TextDescriptives - Enhanced Text Analysis through SpaCy Extension for Comprehensive Metric Calculation

Introduction to TextDescriptives

TextDescriptives is a powerful Python library designed for those interested in extracting a wide range of metrics from text data. It operates by utilizing spaCy's version 3 pipeline components and extensions, providing users a robust framework for text analysis.

Installation

Getting started with TextDescriptives is straightforward. Simply use the following command to install the library:

pip install textdescriptives

Latest Updates

TextDescriptives has made some exciting advancements recently:

A new web application is now available, allowing users to extract and download text metrics without writing any code. This app is accessible here.
The release of version 2.0 has introduced a new API and a new component to enhance its functionality. This version also comes with updated documentation and tutorials to facilitate user comprehension. One significant addition is the coherence component, which allows for the calculation of semantic coherence between sentences. Further details can be found in the documentation.

Quick Start Guide

To swiftly begin extracting metrics, employ the extract_metrics function. Users can check available methods with:

import textdescriptives as td
td.get_valid_metrics()

This will return a set of metrics like quality, readability, descriptive statistics, dependency distance, and more.

When using TextDescriptives, specifying the spacy_model parameter is optional if the language (lang) is already set. Otherwise, the library will automatically download a suitable model.

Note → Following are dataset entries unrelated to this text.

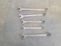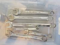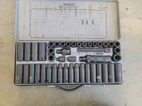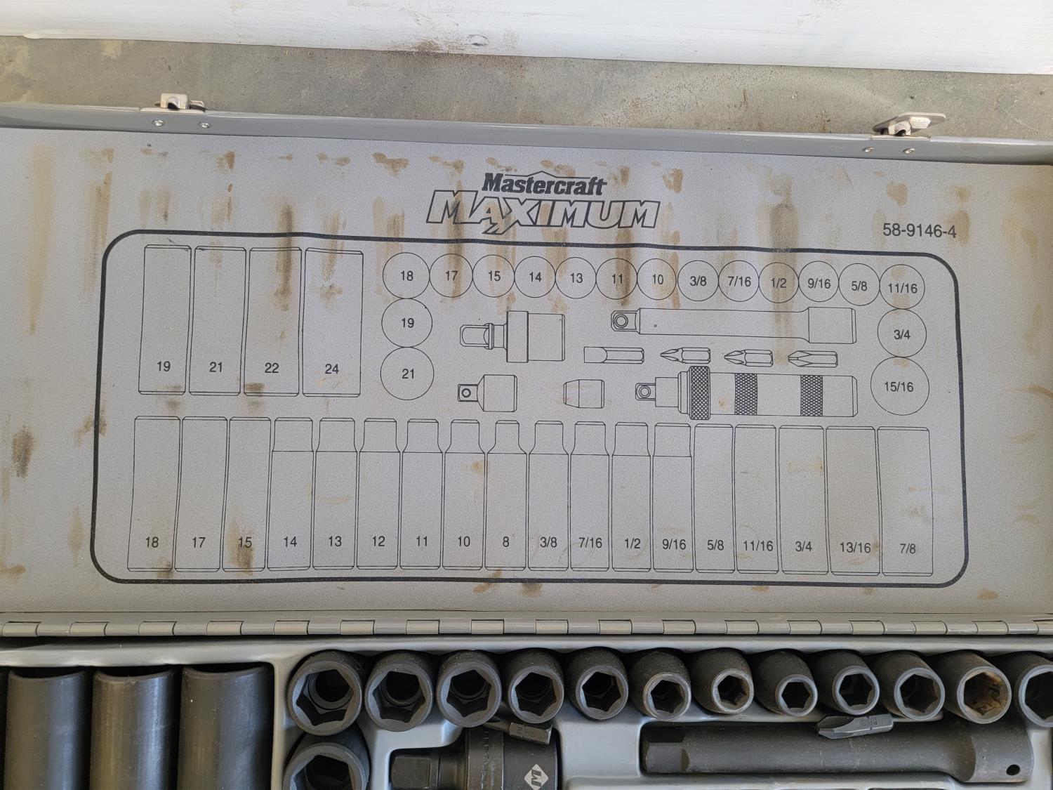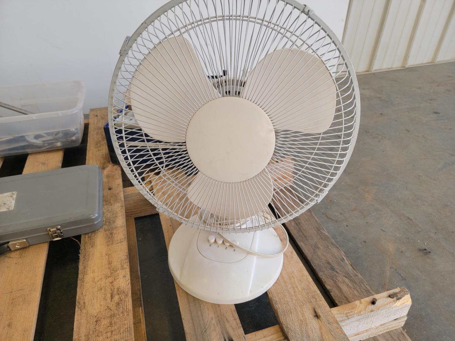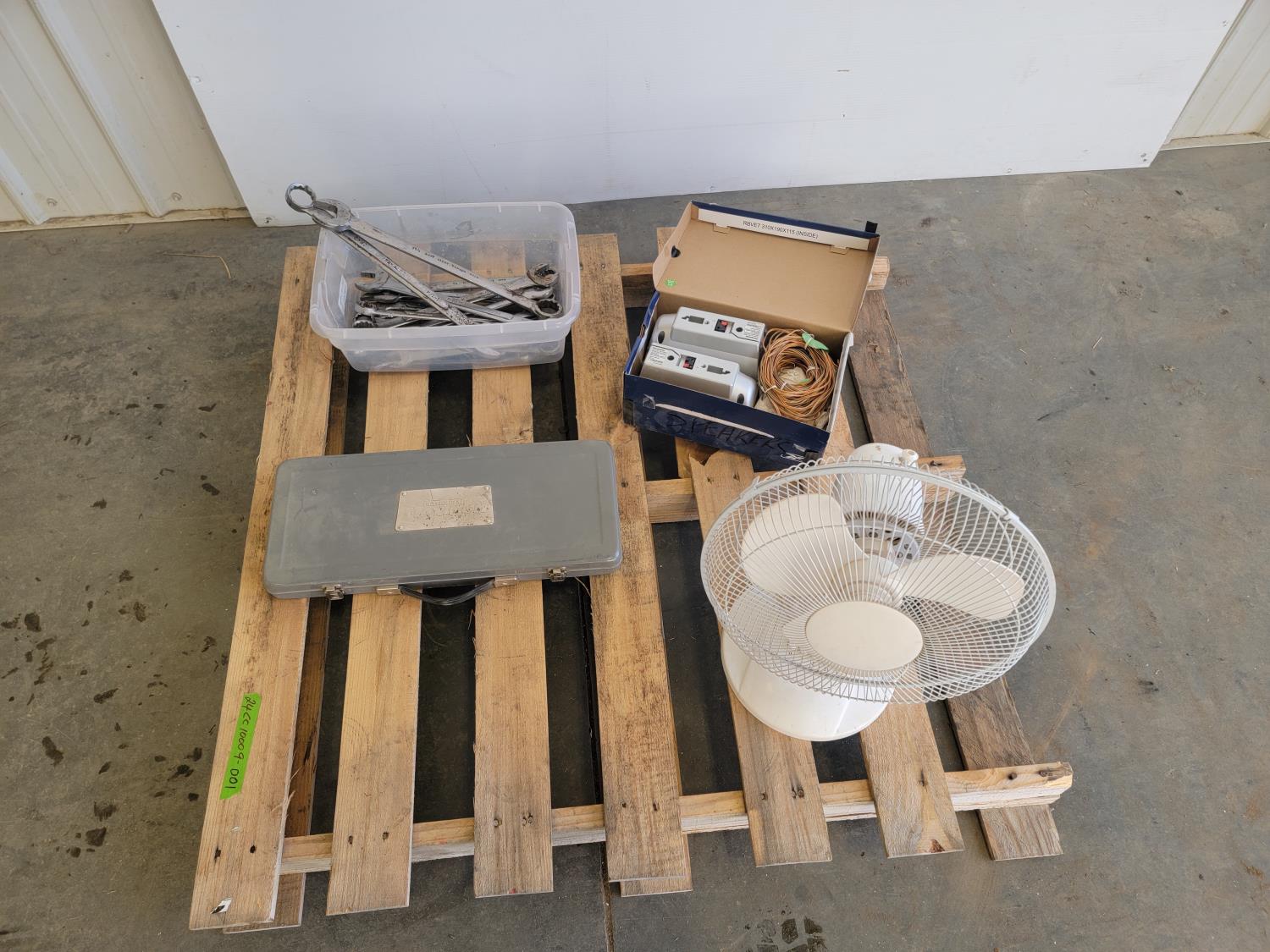 assorted imperial wrenches, Mastercraft Maximum metric socket set, 3 speed table top electric fan, stereo speakers
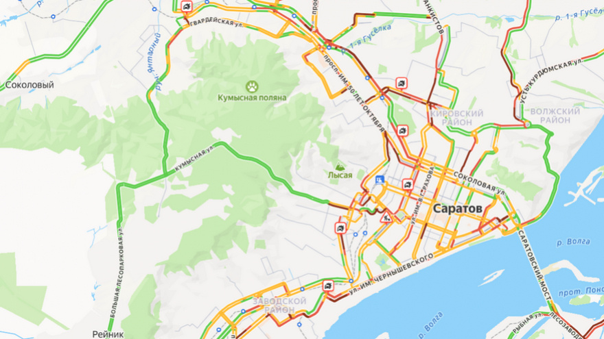 Сегодняшнее утро жители Саратова встретили в 10-балльных пробках. Такую оценку дорожной ситуации дал сервис «Яндекс Карты». Большие заторы образовались на основных дорогах: улицах Чернышевского, Орджоникидзе, Чапаева, Рахова, Астраханская, Мичурина, Тархова, академика Антонова, проспектах Энтузиастов, 50 лет Октября и других. На некоторых участках ситуация осложняется ДТП. Отметим, в ночь на 12 января в Саратове шел снег. Администрация Саратова призывала водителей оставить личные машины на парковках.
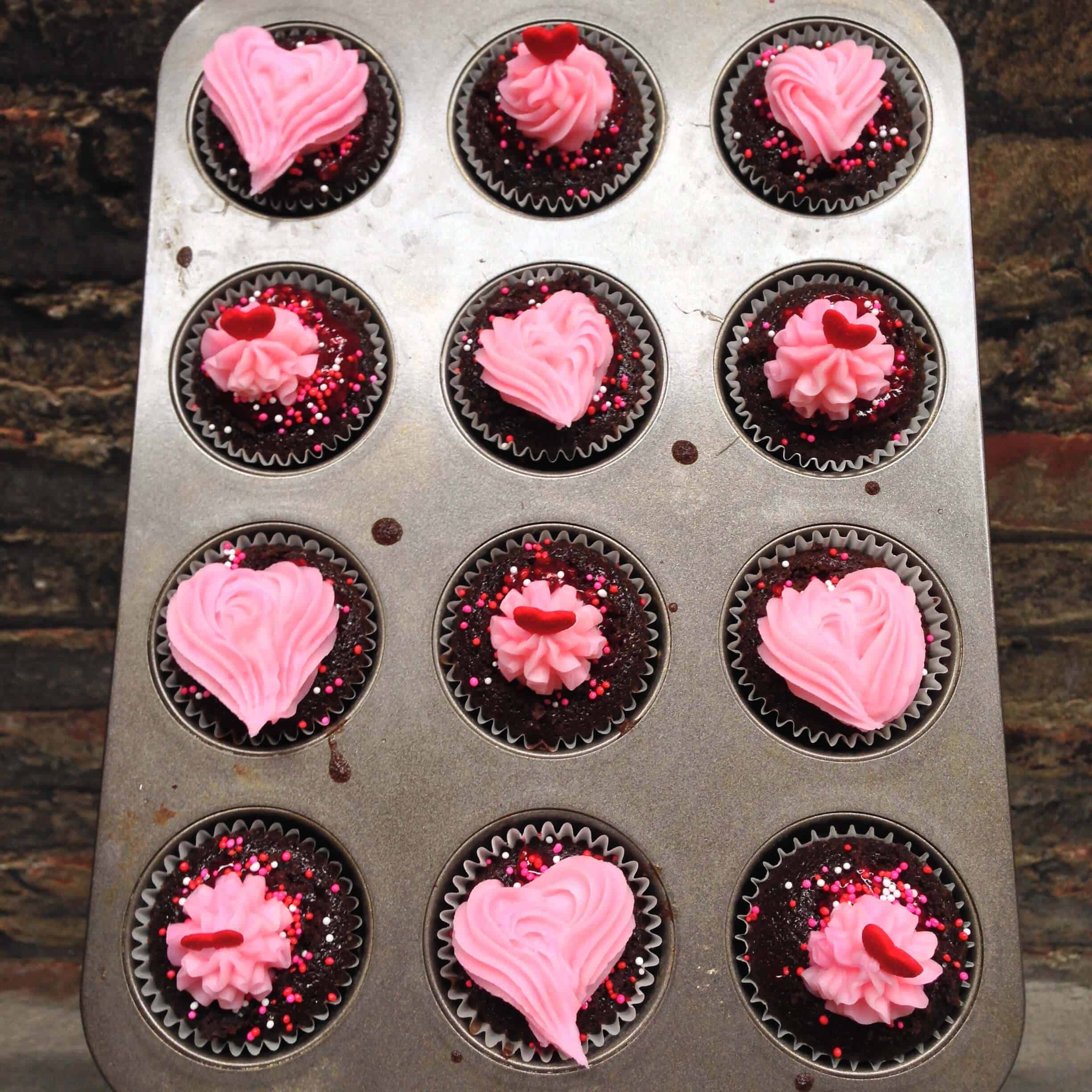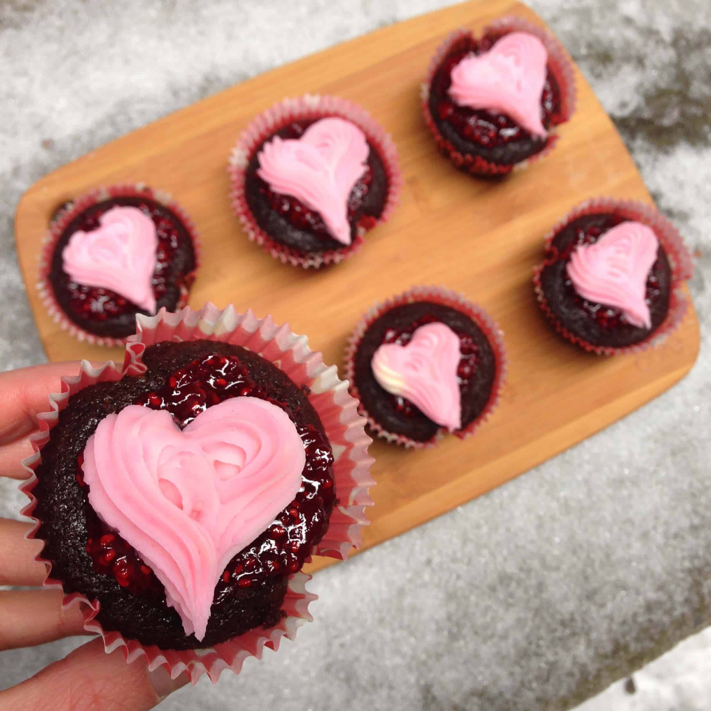 情人节快到了,我想为同事们做些节日纸杯蛋糕。最后我做了黑巧克力纸杯蛋糕,里面有覆盆子果酱、粉色香草奶油、粉色和红色的糖屑。我用了我最喜欢的巧克力纸杯蛋糕食谱,灵感来自我最喜欢的烘焙博客之一the棕色的眼贝克。
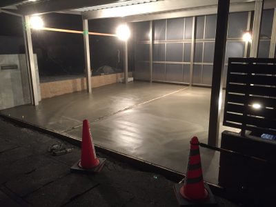 カーポートの土間コンクリートは打設後、最後に表面を押えて仕上げていきます。
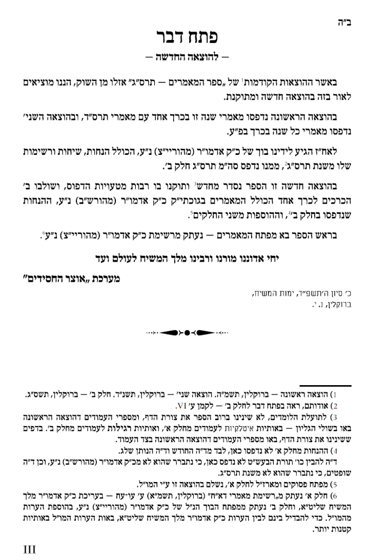 - ↑ מתוך ה"פתח דבר" למהדורה החדשה - ספר המאמרים תרס"ג (ברוקלין, תשפ"ד).
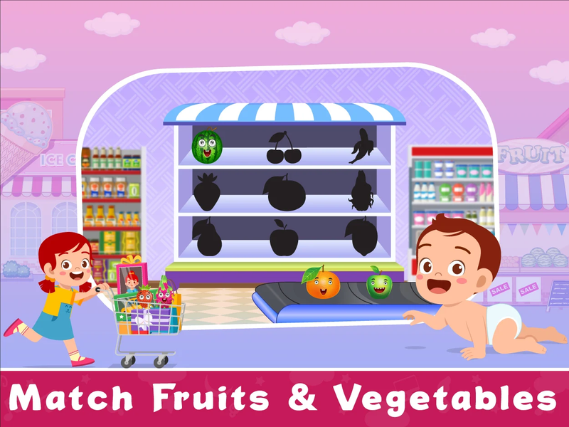 Baby Games: Fun Learning includes addictive games such as a shape game, organizing game, addition game, color sorting game, Image puzzle game, spot the object game, and many more fun learning games and study games.
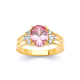 Pink & White CZ Center-Stone Ladies Ring in 14K Gold
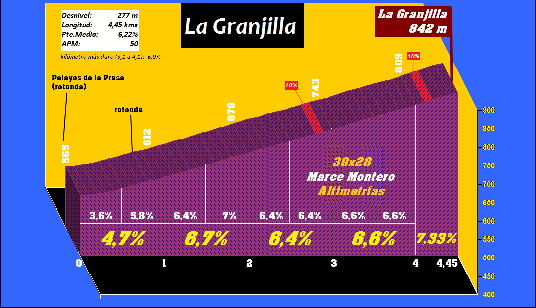 La Granjilla finaliza tras 4,45 kilómetros en una zona más abierta, no habiendo cartel propiamente dicho de la ascensión. La subida es ideal para culminar, en la competición, una etapa o carrera en San Martín de Valdeiglesias, por ejemplo...
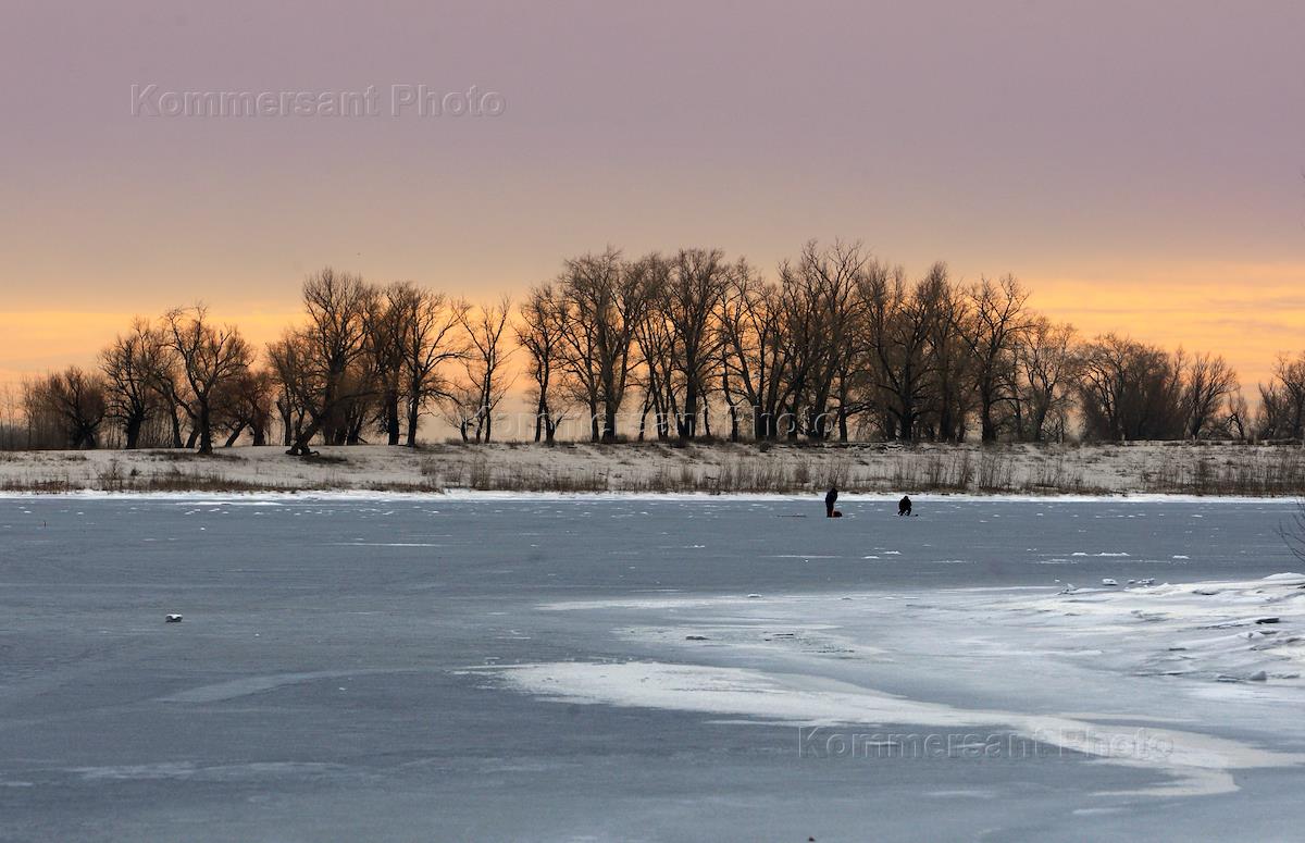 Жанровая фотография. Виды Волжского. Рыбаки на льду реки Ахтуба.
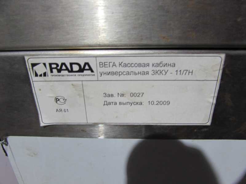 Основные характеристики кассовой кабины Rada Вега ЗККУ-11/7Н
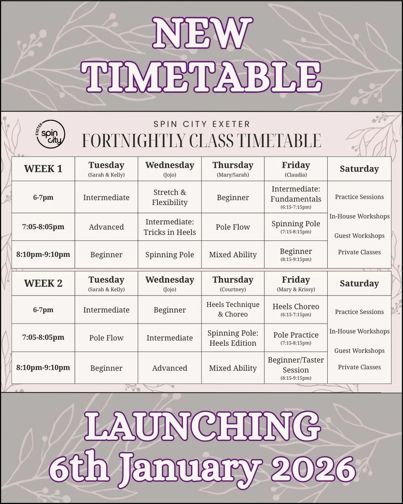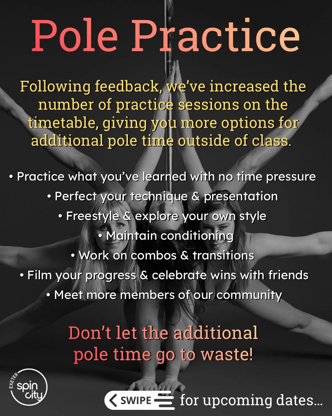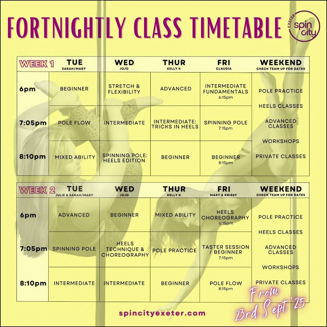 If you have never been to Spin City Exeter before, whether you are a complete beginner or if you have learnt pole elsewhere, you can join one of our taster sessions which are held once every four weeks. Alternatively you can book straight onto one of our regular classes. Book your place via the timetable and classes page, or the link in the banner at the top, and find out what pole is all about!
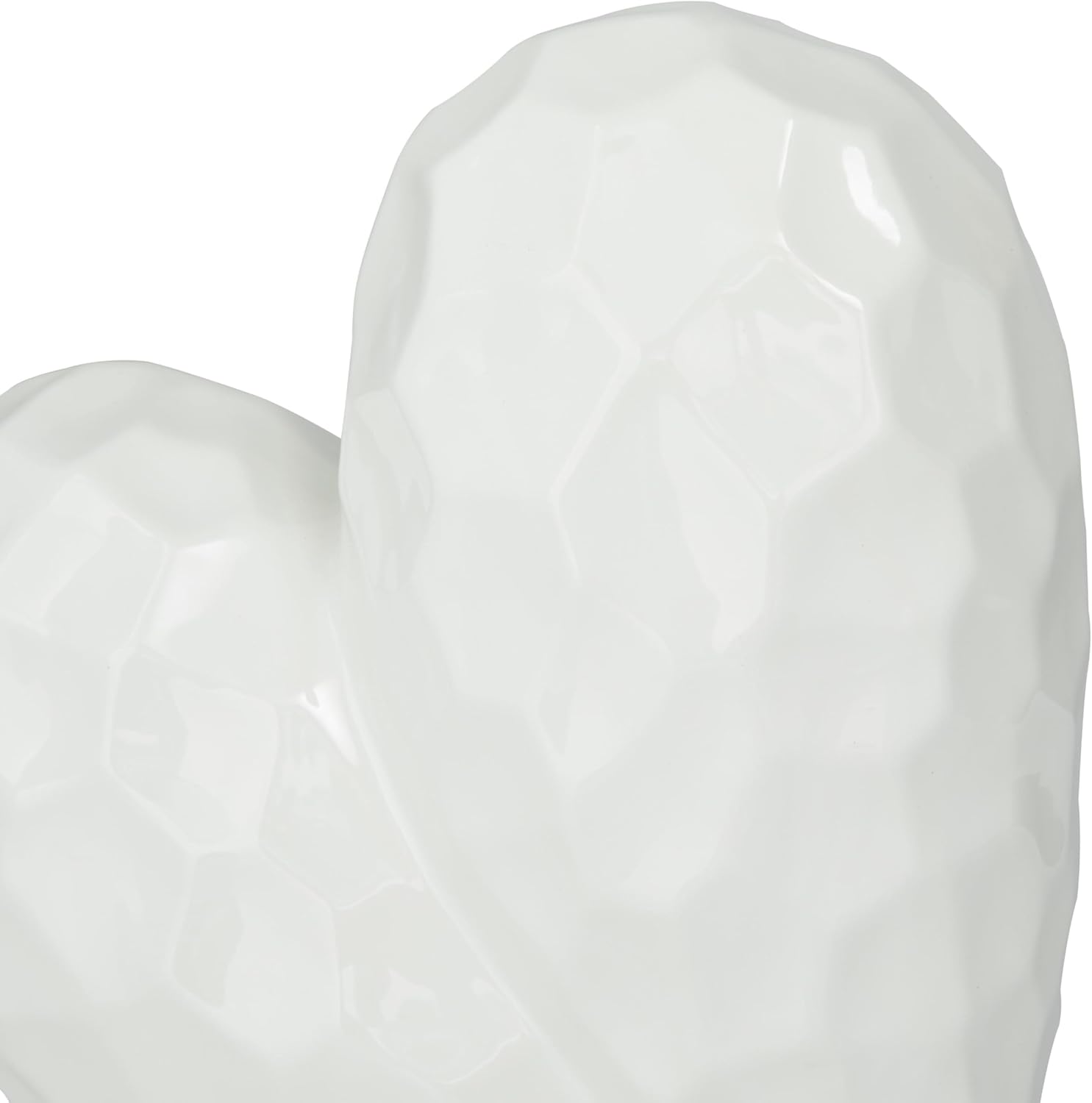 - HEART ASYMMETRICAL ACCENT STATUE: The porcelain sculpture showcases a slanted heart figure with a faceted and concave design exterior, adding unique visual interest
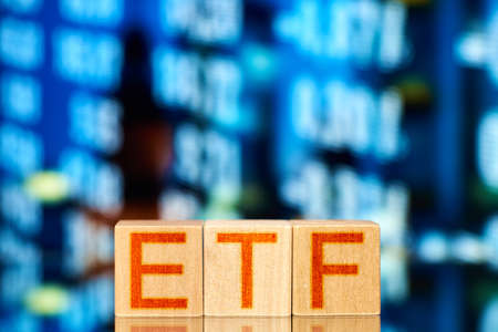 ETF, Exchange Traded Fund, realtime mutual index fund that can trade in equity stock market, cube wooden block with alphabet building the word ETF
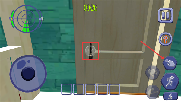 4、对准【门锁】区域,使用右侧【交互按钮】尝试解锁,完成后即可打开房门进入建筑。
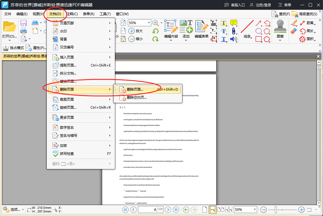 第二步:文件导入之后,我们在上方菜单栏中点击“文档”-“删除页面”功能进入。
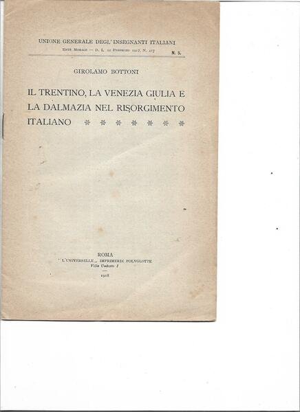 Il Trentino. la Venezia Giulia. la Dalmazia nel Risorgimento italiano.

For example, to extract all available metrics from a piece of text:

import textdescriptives as td

text = "The world is changed. I feel it in the water. I feel it in the earth. I smell it in the air. Much that once was is lost, for none now live who remember it."
df = td.extract_metrics(text=text, lang="en", metrics=None)

Integration with spaCy

TextDescriptives can be seamlessly integrated with spaCy pipelines. To do so, import both spaCy and TextDescriptives and add the necessary component(s) to your pipeline:

import spacy
import textdescriptives as td

# Load a spaCy model
nlp = spacy.load("en_core_web_sm")

# Add all TextDescriptives components
nlp.add_pipe("textdescriptives/all")

# Process text
doc = nlp("The world is changed. I feel it in the water...")

Extracting Metrics

TextDescriptives offers convenient functions to pull metrics from a Doc object into a Pandas DataFrame or a dictionary, facilitating easy data manipulation and analysis.

Documentation

Comprehensive documentation, including Jupyter notebook tutorials, is available for users to master TextDescriptives. The tutorials can be found in the docs/tutorials folder or on the documentation site.

Some useful resources:

[Getting started guide]: Introduction and basic usage instructions.
[Demo]: Live demonstration of TextDescriptives.
[Tutorials]: Step-by-step guides to maximize the library's potential.
[API References]: Detailed documentation of the library’s API.
[Paper]: Preprint of the TextDescriptives research paper.

By making complex text metric extraction accessible and understandable through well-documented methods and tutorials, TextDescriptives serves as an invaluable tool for those delving into text analytics.